- **PROBLEM STATEMENT**: Output exactly the lines of the listing below that run from the line with "2026年1月25日,104" through the line with "お肉や魚、野菜などの網焼きが". No pictures.

── INFORMATION SUPPLIED

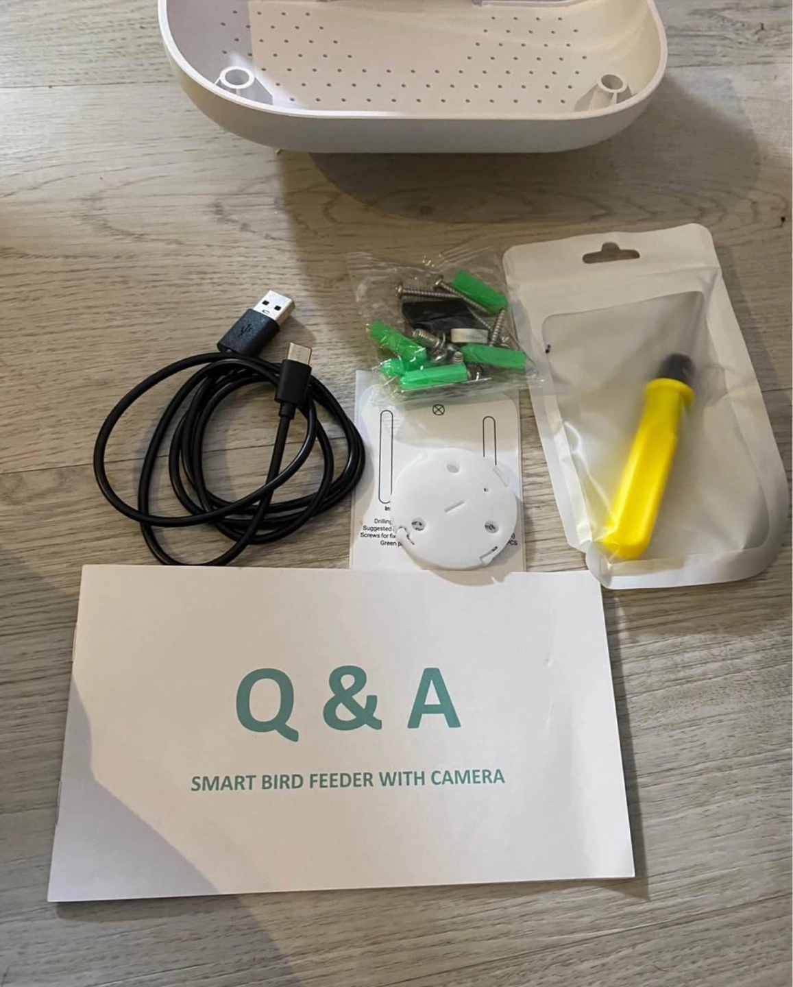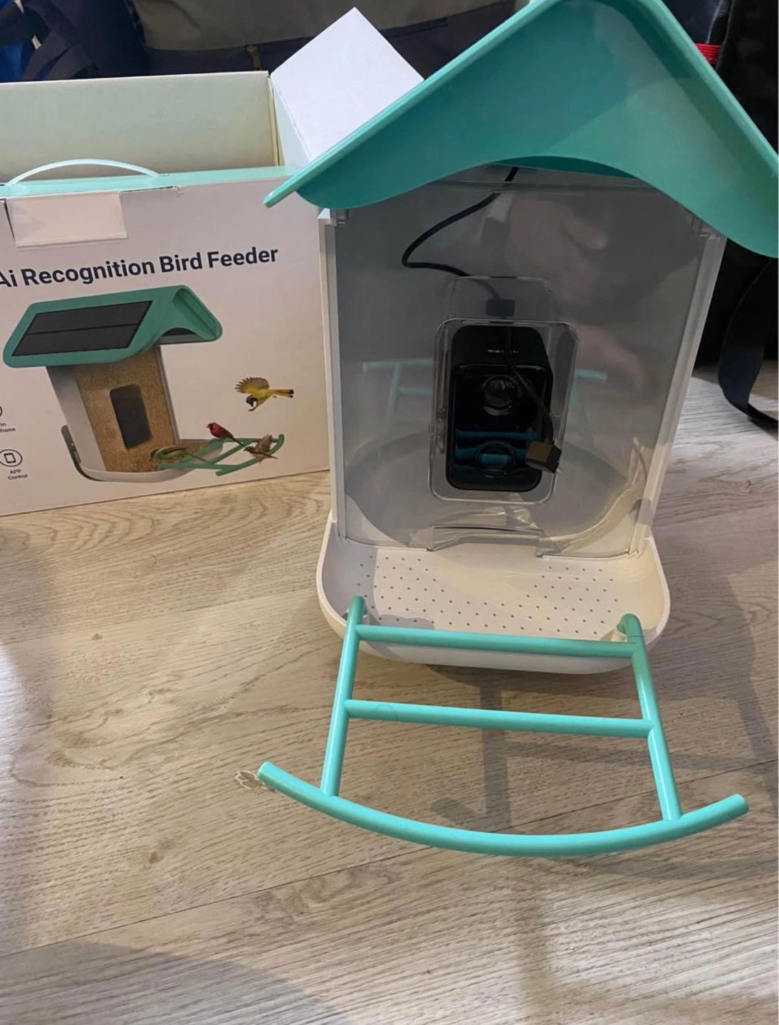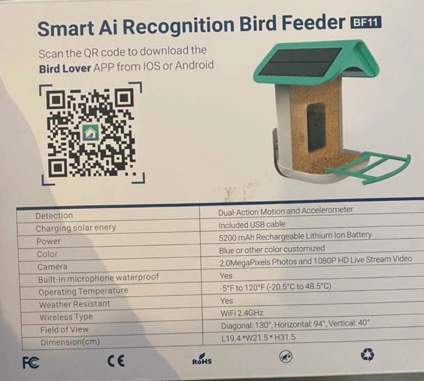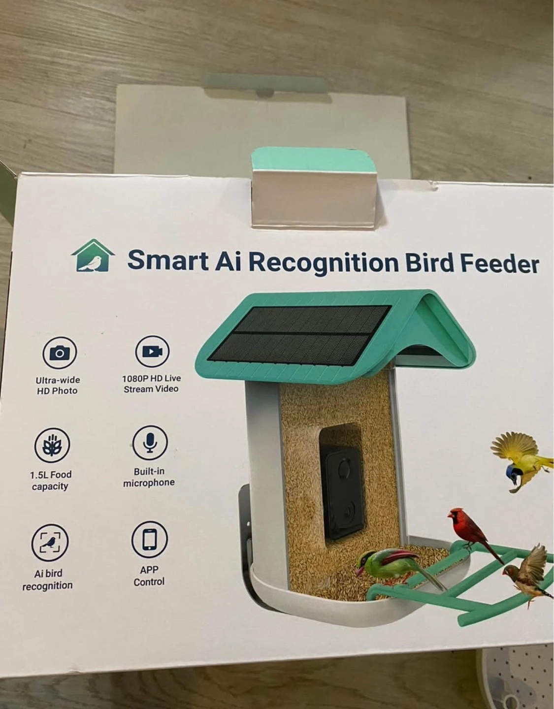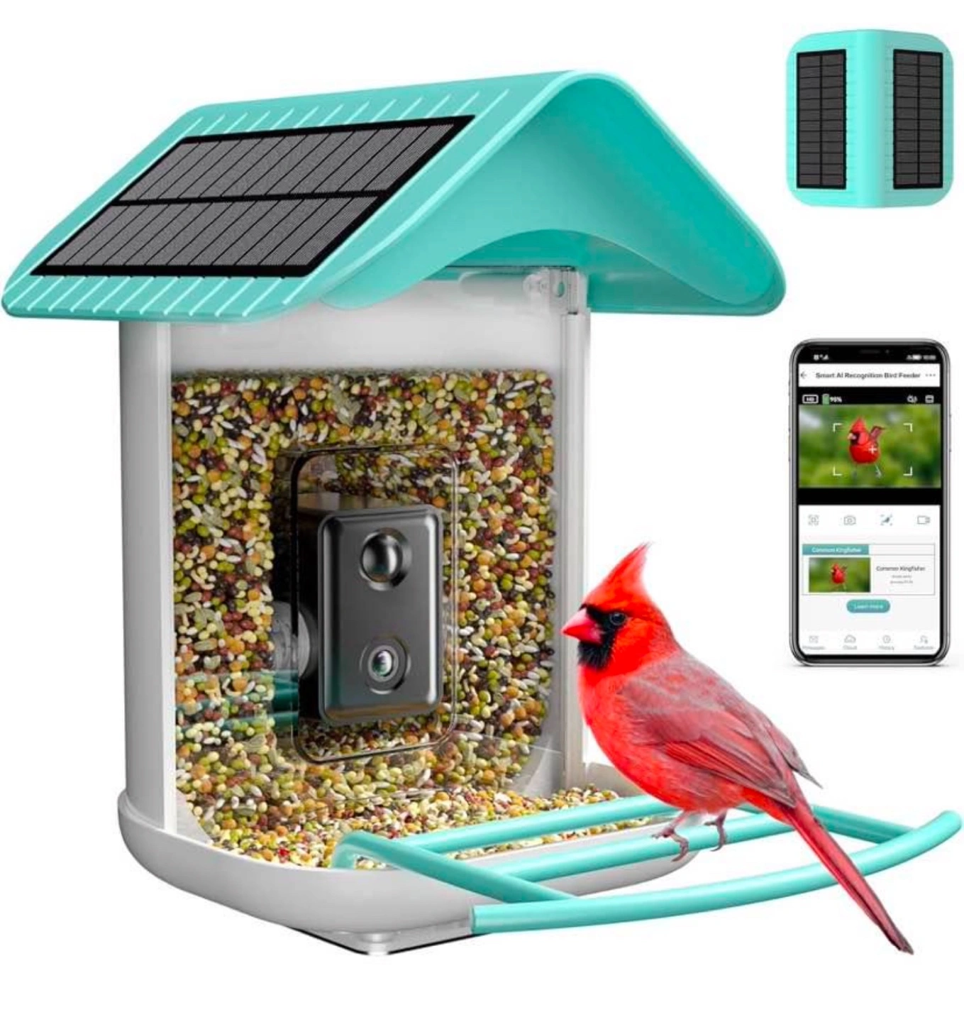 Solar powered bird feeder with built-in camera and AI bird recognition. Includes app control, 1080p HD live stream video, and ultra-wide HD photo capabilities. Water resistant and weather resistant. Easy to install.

────
── INFORMATION SUPPLIED

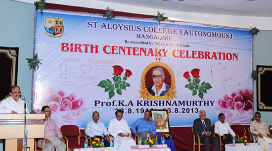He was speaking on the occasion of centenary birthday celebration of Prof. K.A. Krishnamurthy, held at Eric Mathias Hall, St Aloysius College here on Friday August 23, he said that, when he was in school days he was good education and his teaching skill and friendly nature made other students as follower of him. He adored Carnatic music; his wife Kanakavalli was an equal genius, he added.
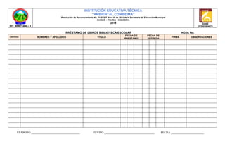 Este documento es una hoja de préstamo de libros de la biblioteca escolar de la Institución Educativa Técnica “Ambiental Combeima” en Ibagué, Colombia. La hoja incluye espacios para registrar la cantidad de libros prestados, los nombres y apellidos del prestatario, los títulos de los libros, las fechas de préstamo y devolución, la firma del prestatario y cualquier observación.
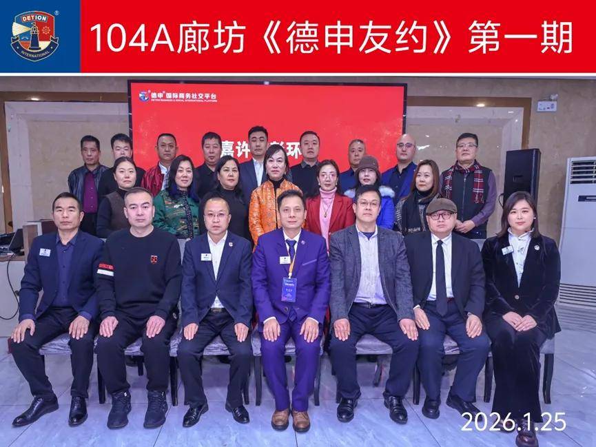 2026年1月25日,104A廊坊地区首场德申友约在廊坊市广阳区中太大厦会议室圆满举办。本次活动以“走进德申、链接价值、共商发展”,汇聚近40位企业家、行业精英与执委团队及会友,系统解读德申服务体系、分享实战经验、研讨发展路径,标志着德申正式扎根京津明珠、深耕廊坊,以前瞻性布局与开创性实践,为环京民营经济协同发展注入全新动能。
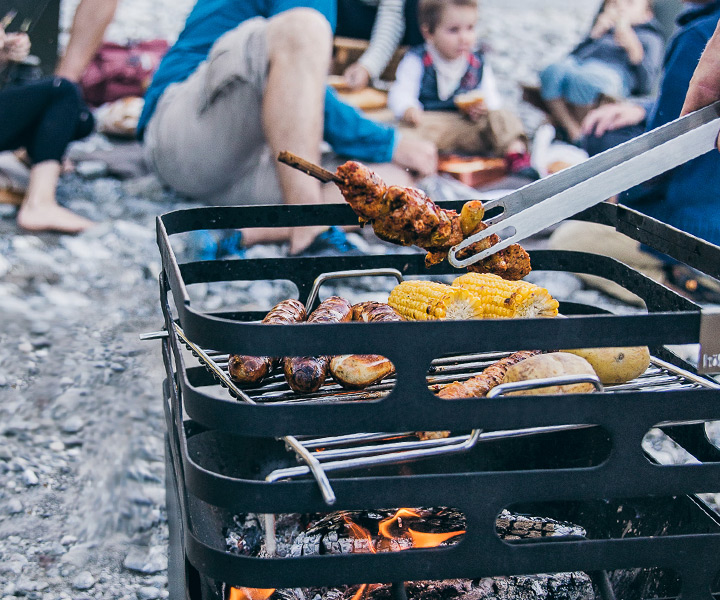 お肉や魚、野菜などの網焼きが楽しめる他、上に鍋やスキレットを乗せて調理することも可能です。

────
── INFORMATION SUPPLIED

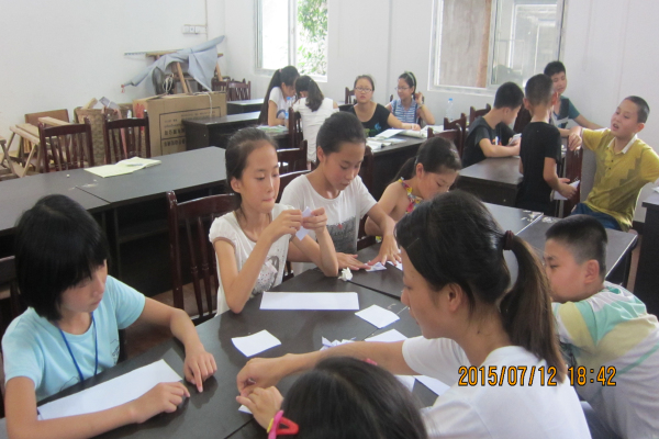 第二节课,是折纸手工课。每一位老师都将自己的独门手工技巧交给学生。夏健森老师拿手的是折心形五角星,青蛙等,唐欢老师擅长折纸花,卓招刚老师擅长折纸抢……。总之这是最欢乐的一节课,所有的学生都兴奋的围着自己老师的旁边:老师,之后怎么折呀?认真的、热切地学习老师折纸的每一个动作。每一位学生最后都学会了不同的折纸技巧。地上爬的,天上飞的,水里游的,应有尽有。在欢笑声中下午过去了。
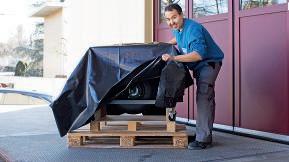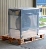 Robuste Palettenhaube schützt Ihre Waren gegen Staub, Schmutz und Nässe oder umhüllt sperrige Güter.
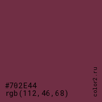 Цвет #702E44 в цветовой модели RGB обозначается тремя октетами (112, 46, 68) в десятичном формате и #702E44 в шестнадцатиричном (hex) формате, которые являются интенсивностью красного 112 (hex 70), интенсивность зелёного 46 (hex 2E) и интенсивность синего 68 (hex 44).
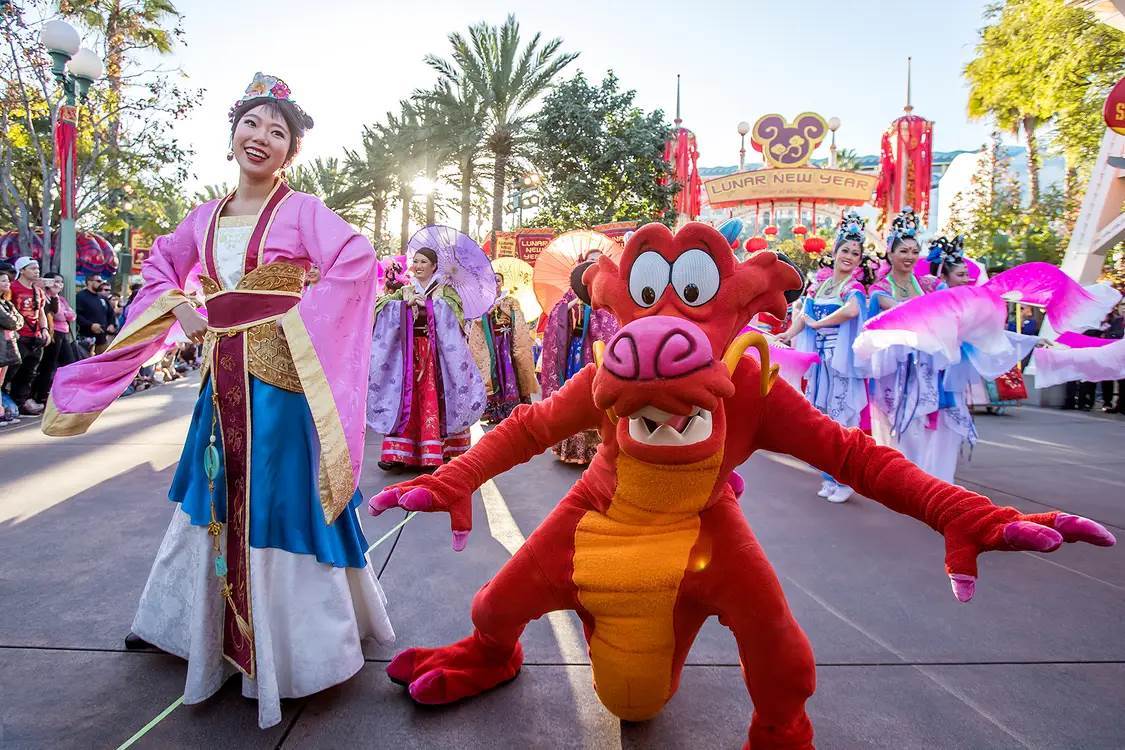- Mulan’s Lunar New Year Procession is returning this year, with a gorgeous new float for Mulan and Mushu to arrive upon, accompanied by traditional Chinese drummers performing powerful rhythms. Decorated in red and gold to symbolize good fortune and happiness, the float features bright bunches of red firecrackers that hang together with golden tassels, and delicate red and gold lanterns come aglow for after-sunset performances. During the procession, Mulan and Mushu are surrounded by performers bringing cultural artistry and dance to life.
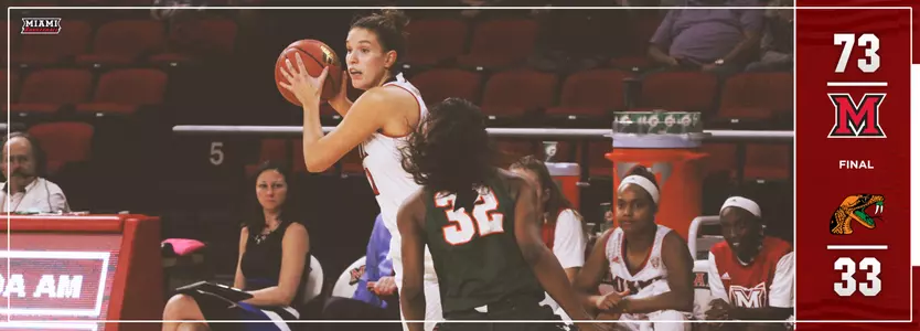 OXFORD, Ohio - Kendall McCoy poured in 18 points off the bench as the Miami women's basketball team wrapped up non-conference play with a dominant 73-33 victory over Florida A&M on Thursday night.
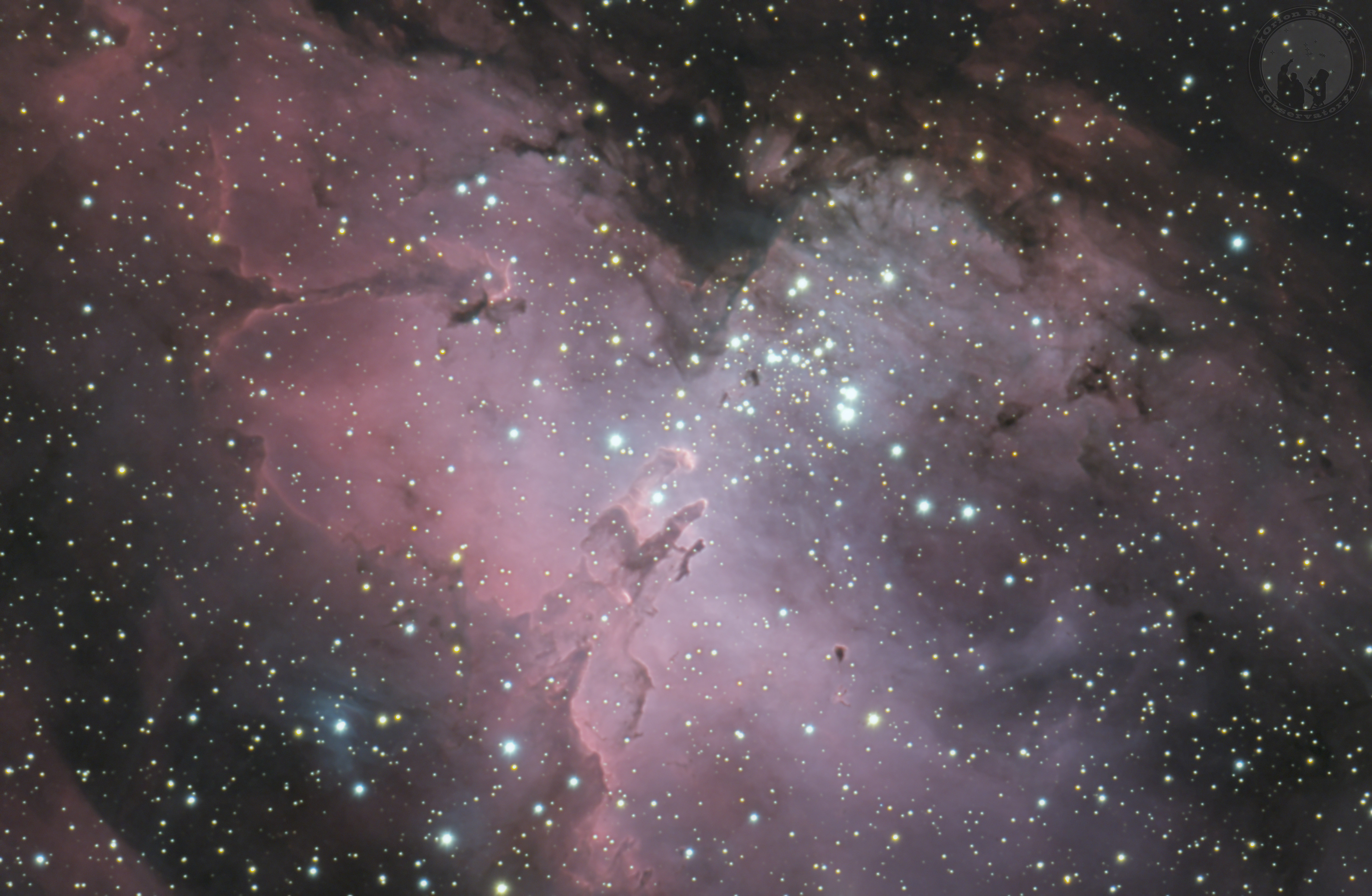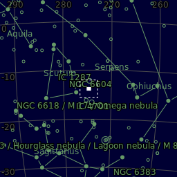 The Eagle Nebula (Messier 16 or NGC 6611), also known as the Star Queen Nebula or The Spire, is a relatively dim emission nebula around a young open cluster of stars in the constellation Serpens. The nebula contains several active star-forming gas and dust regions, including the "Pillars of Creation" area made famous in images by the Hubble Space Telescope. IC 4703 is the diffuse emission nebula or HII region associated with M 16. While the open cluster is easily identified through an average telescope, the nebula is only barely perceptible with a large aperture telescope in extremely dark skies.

────

- **RESULT OF THIS EXERCISE**:
 2026年1月25日,104A廊坊地区首场德申友约在廊坊市广阳区中太大厦会议室圆满举办。本次活动以“走进德申、链接价值、共商发展”,汇聚近40位企业家、行业精英与执委团队及会友,系统解读德申服务体系、分享实战经验、研讨发展路径,标志着德申正式扎根京津明珠、深耕廊坊,以前瞻性布局与开创性实践,为环京民营经济协同发展注入全新动能。
 お肉や魚、野菜などの網焼きが楽しめる他、上に鍋やスキレットを乗せて調理することも可能です。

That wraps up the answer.